Serving 190 Proof is a studio album by American country music singer Merle Haggard, released in May 1979. It reached Number 17 on the Billboard Country album chart. Two singles were released and both peaked at number 4 on the Billboard Country Singles chart — "My Own Kind Of Hat" and "Red Bandana".

==Background==
Although Serving 190 Proof only made it to number 17 on the Billboard country albums chart (as had his previous album I'm Always On a Mountain When I Fall), it was a comeback of sorts for Haggard. Writing in his book The Running Kind in 2013, Haggard biographer David Cantwell calls the LP "a revelation.
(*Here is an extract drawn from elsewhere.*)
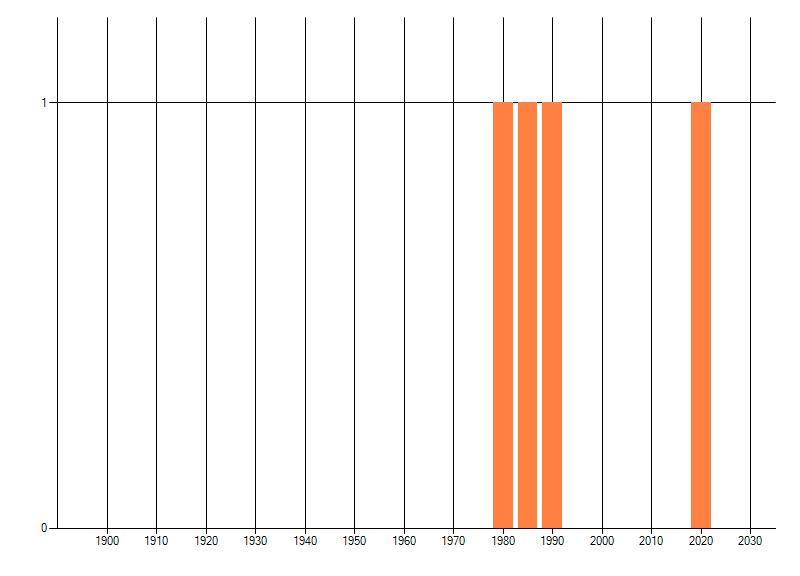 Het aantal atlasblokken (5x5 km) waarin de soort is gemeld binnen een periode van vijf jaar (vanaf 1980) of twintig jaar. Niet gecorrigeerd voor waarnemersinspanning en het aantal doorgegeven waarnemingen kan sterk variëren per periode, dus een trend in verspreiding kan hier niet direct uit worden afgelezen. Het opgegeven jaartal is het eerste jaar van de periode. Bron: gevalideerde waarnemingen uit de NDFF.

An unprecedented intersection in the Haggard catalogue of introspective songwriting and musical experimentation, Serving 190 Proof can still startle all these years later with its forthright examination of alcoholism and depression, and its jaded takes on the musician's life." After contributing only a handful of songs to his previous MCA albums, the singer composed most of Serving 190 Proof.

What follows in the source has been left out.